Pete went with his standard order of salmon. The presentation was appealing, but slightly off the mark. The cipollini onions had a pleasing firm and snappy texture that sat well with Pete, but fingerling potatoes in a crème sauce were a bit heavy handed. This is perhaps to be expected in a sports bar, even one that serves salmon with dried tomatoes and asparagus. The grassy side item was a bit underdone, providing a little more chewiness that the chef might have intended. According to my companion, the salmon was not oily in any way, and presented a good flavor profile, but he surmised that the fish might have been frozen. To be fair, Pete asked our server if this was the case and received a horrified negative response, so the fish just might have been a little dry. It was grilled to medium temperature and Pete prefers his salmon just a tad shy of that. In all, a surprisingly good seafood performance in a restaurant that is unlikely to stake its reputation on this item.
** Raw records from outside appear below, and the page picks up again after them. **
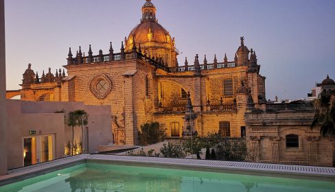 Calles emparradas y patios andaluces, así como el Alcázar y la Catedral de Jerez, rodean al “Mejor Alojamiento Enoturístico” de España, haciendo de su ubicación un enclave mágico. Y es que el Hotel Bodega Tío Pepe, con sus 27 habitaciones, es un lugar único donde el visitante puede despertarse con las vistas únicas del corazón histórico de Jerez de la Frontera.
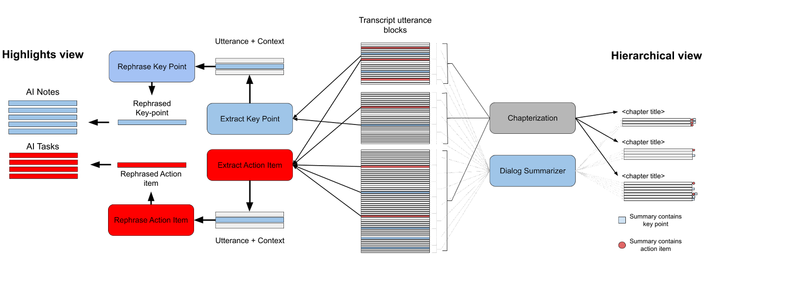 (a) Summarization pipeline that generates the two experiences illustrated below. Highlights experience (left) extracts top-N utterances as key-points or action items followed by rephrasing in 3rd person with context, and displaying as a sequence (Figure 1a). Hierarchical experience (right) segments the entire meeting transcript into sections, generates summaries for each section in 3rd person, and represents them sequentially in a minutes like format (Figure 1b). Summaries that contain key points or action items are marked with a corresponding number of stars and checkboxes respectively. Each rectangular block is a transformer model.
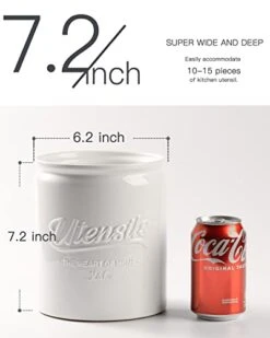 - [Stable & Durable Utensil Crock] Made of premium ceramics, this ceramic utensil holder is clearly heavier than ones made of other materials, steadily stands on your countertop; Glossy glaze & durable material, withstands long-time daily uses
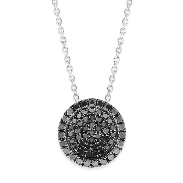 A dramatic piece that gets noticed, the circle drop disc necklace is inlaid with 62 black diamonds, weighing .30ct tw. and set in 14k white gold with black rhodium. It is always a glamorous option for the woman who likes to mix up her jewelry choices. The round concaved shape adds a softness that makes it suitable to wear anytime. It is the kind of piece that can let you be a bit more dramatic each day. Why should good jewels just be for night?
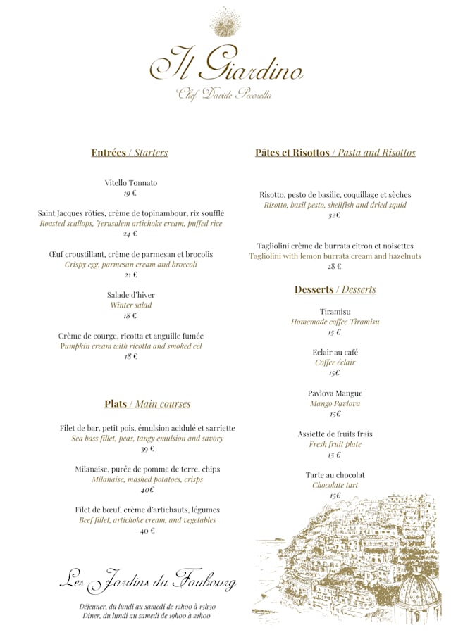 Il Giardino vous propose une cuisine italienne gourmande et raffinée signée du Chef Davide Pecorella qui a fait ses armes dans de prestigieuses maisons. Chaque jour son équipe met à l’honneur des produits frais et savoureux en préparant des recettes inspirées de sa grand-mère. Pour accompagner agréa...
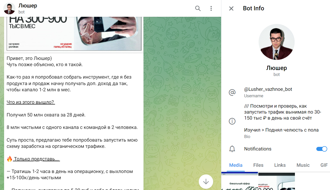 Для того чтобы изучить информацию об услугах предпринимателя, нужно запустить бота Lusher vazhnoe bot. Он сообщит пользователям о том, что Макс Люшер знает методы для выхода на прибыль в 1-2 млн руб. в месяц, чаще всего такие обещания исходят от проектов с признаками развода. Как рассказывают юзерам, нужно тратить 1-2 часа в сутки. Пользователям предложено несколько бесплатных видео с кратким разбором таких тем: заработок с помощью ИИ, выбор вирусной тематики, монетизация трафика, окупаемость блога и прочих.После того как пользователи посмотрят некоторые материалы с тг-бота, Макс Люшер оставляет линк с информацией о способах заработка, примерами дохода других участников. Предприниматель предлагает вступить в закрытый клуб, и в нем обещает:
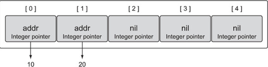 // Khai báo một mảng con trỏ integer có 5 phần tử.
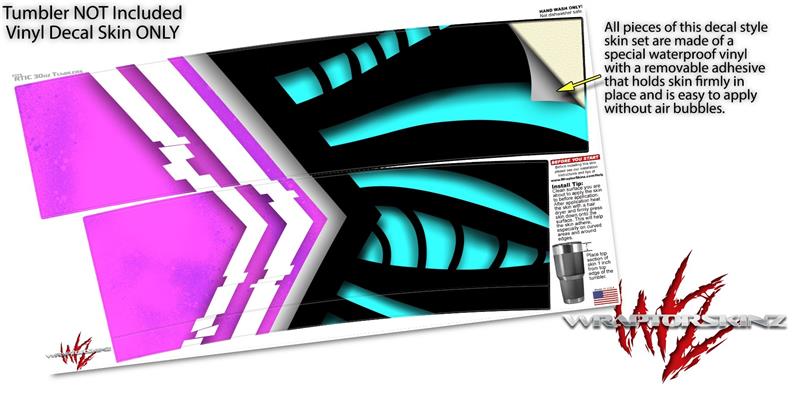 WraptorSkinz Skin Wrap compatible with RTIC 30oz ORIGINAL 2017 AND OLDER Tumblers Black Waves Neon Teal Hot Pink (TUMBLER NOT INCLUDED)
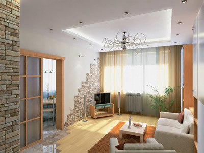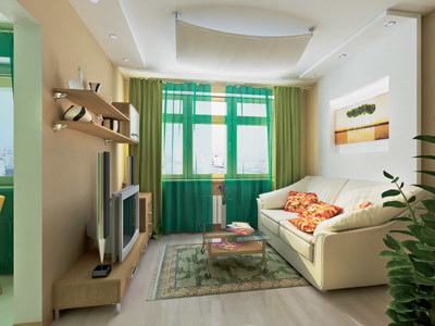Гостиная наполняется светом благодаря широкому проему, ведущему на кухню, воздушным занавесям на большом окне и подсвеченному потолку
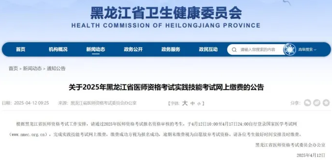 關(guān)于2025年鶴崗考點(diǎn)醫(yī)師資格考試實(shí)踐技能考試網(wǎng)上繳費(fèi)的公告
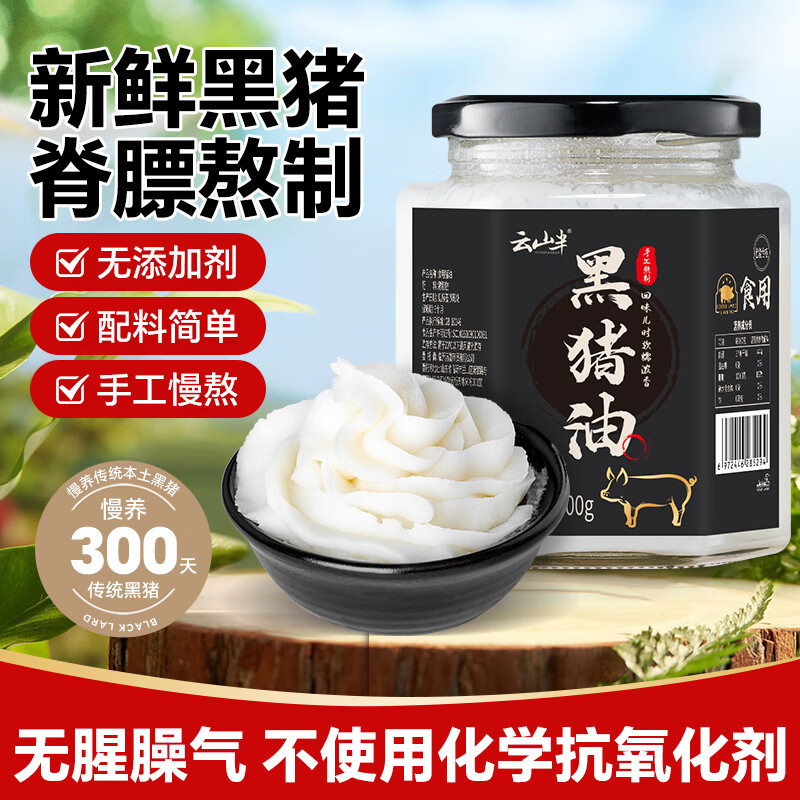 云山半黑猪油300g 0添加剂无抗黑猪肉脊膘肉熬制 拌饭食用猪油火锅底料

Robert went for the filet mignon sliders. These two pieces of paradise on a bun arrived with too little fanfare for such a dish. Juicy, perfectly to temperature, and served on soft pretzel bun pillows with tangy horseradish cream for kick and caramelized onions for sweetness, these babies pleased King Robert to the nth degree. Our buddy traded the more commonly ordered olive oil parsley fries for a side salad. Fool. But the salad was fresh and flavorful. In case our secret identities are one day revealed, Robert’s wife will be pleased to hear that he ate the salad without dressing.
Finally, yours truly enjoyed the Duck Reuben Sandwich.
My flavor party bus began its journey from the kitchen to my table on freshly baked marble rye bread that had been enhanced with the perfect quantity of Russian dressing. Sometimes Russian on a Reuben overwhelms the sandwich, but not on this bad boy. Apple sauerkraut…a very manly food item, I’ll have you know…and Gruyère cheese provided the kind of German-French flavor solidarity that the EU can only wish for. A bit of honey sweetness cast a spotlight on the main stage, as the star of the show broke through to headline this gastric work of art: The DUCK! A generous portion of perfectly grilled duck breast contributed a certain understated big game taste that only this protein offers. While sliced duck breast can come off as fatty, City Works takes care to deliver actual meat to their guests.
I strongly recommend that you go out on a limb during your visit, skip the traditional burger, and try the Duck Reuben. And I don’t even need to tell you that I did not skip the olive oil parsley fries.